- Opening Delimiter -

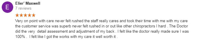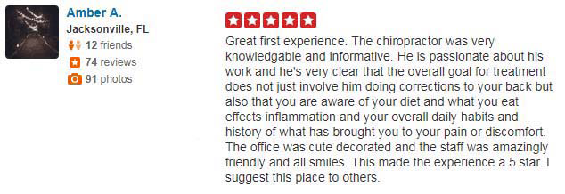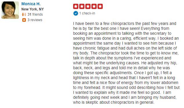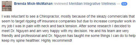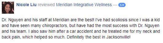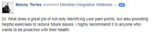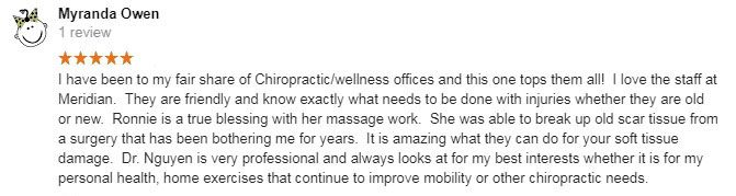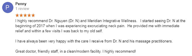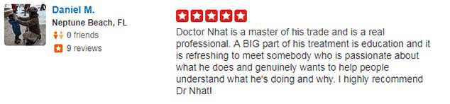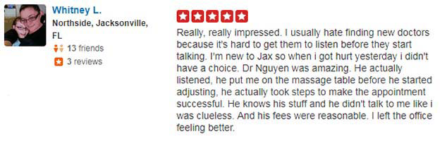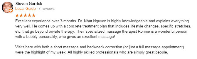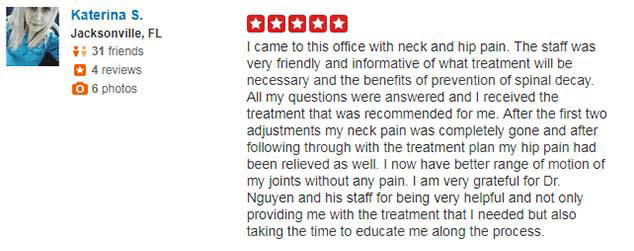 “My back feels so much better after the treatments I’ve received here than it has in years. Dr. Nguyen, Dr. Jess, and every single member of their staff is friendly, caring, takes the time to explain the answer to any questions you may have, and seem to genuinely care for their patients.”
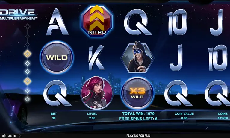 ด้วยเพย์ไลน์ที่เต็มไปด้วยความเคลื่อนไหว Drive: Multiplier Mayhem™ คือวิดีโอสล็อตที่จะทำให้คุณอะดรีนาลีนสูบฉีดตลอดทั้งเกม ผู้เล่นจะอยากสนุกอย่างต่อเนื่องเมื่อได้รับสัญลักษณ์ Multiplier Wilds และได้เผชิญหน้ากับคู่ต่อสู้ในช่วงฟรีสปิน!
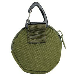 【イヤホンポーチ 丸型 カラビナ付き ナイロン製 [ グリーン ]】ミリタリーテイストなデザインが特徴のイヤホンポーチです。
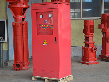 引至消防栓按鈕、信號燈及引至消防中心遙控的控制電AC24V·100VA??刂乒裨O(shè)有泵開、泵停、泵故障等無源接點反饋消防中心。具備當主用泵故障時,備用泵自動延時投入的功能。除此之外,控制柜可以根據(jù)用戶需要,增加雙電源自動切換功能,定期自動巡檢等功能,大功率消防主泵可以采用軟起動方式緩減水泵起動時對電網(wǎng)及管網(wǎng)的沖擊。
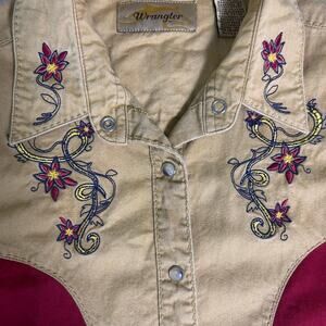 Wrangler Pearl Snap Button Up Womens Large Embroidered Western Rodeo Cowgirl
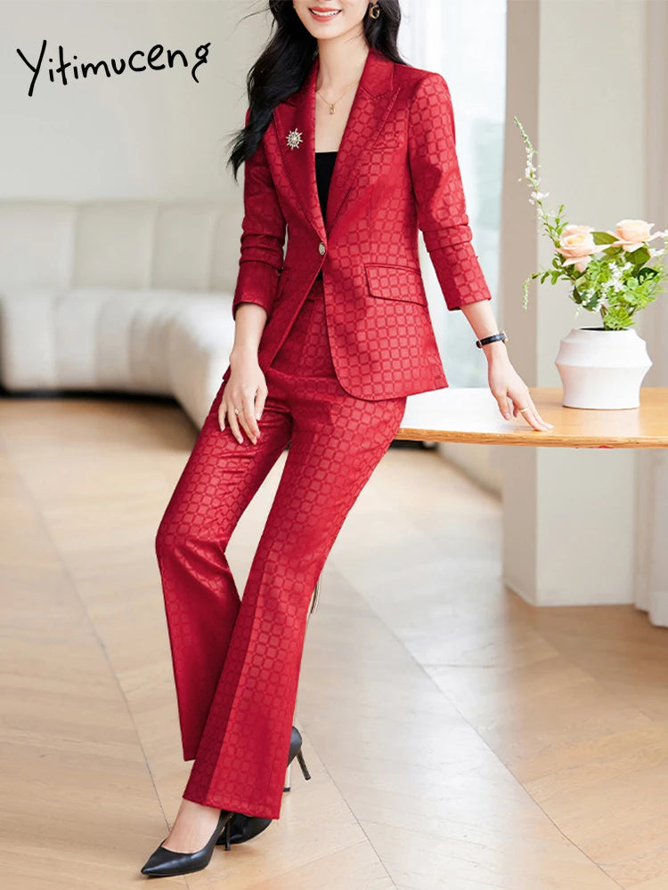 Rød jakkesæt til kvinder med ternet mønster, lange bukser og matchende jakke. Elegant kontorlook, perfekt til forretningsmøder.

- Closing Delimiter -

Please retype only the lines from the line that holds "引至消防栓按鈕、信號燈及引至" through the end of the records, exactly as they stand, and drop every picture.

[Written solution]:
 引至消防栓按鈕、信號燈及引至消防中心遙控的控制電AC24V·100VA??刂乒裨O(shè)有泵開、泵停、泵故障等無源接點反饋消防中心。具備當主用泵故障時,備用泵自動延時投入的功能。除此之外,控制柜可以根據(jù)用戶需要,增加雙電源自動切換功能,定期自動巡檢等功能,大功率消防主泵可以采用軟起動方式緩減水泵起動時對電網(wǎng)及管網(wǎng)的沖擊。
 Wrangler Pearl Snap Button Up Womens Large Embroidered Western Rodeo Cowgirl
 Rød jakkesæt til kvinder med ternet mønster, lange bukser og matchende jakke. Elegant kontorlook, perfekt til forretningsmøder.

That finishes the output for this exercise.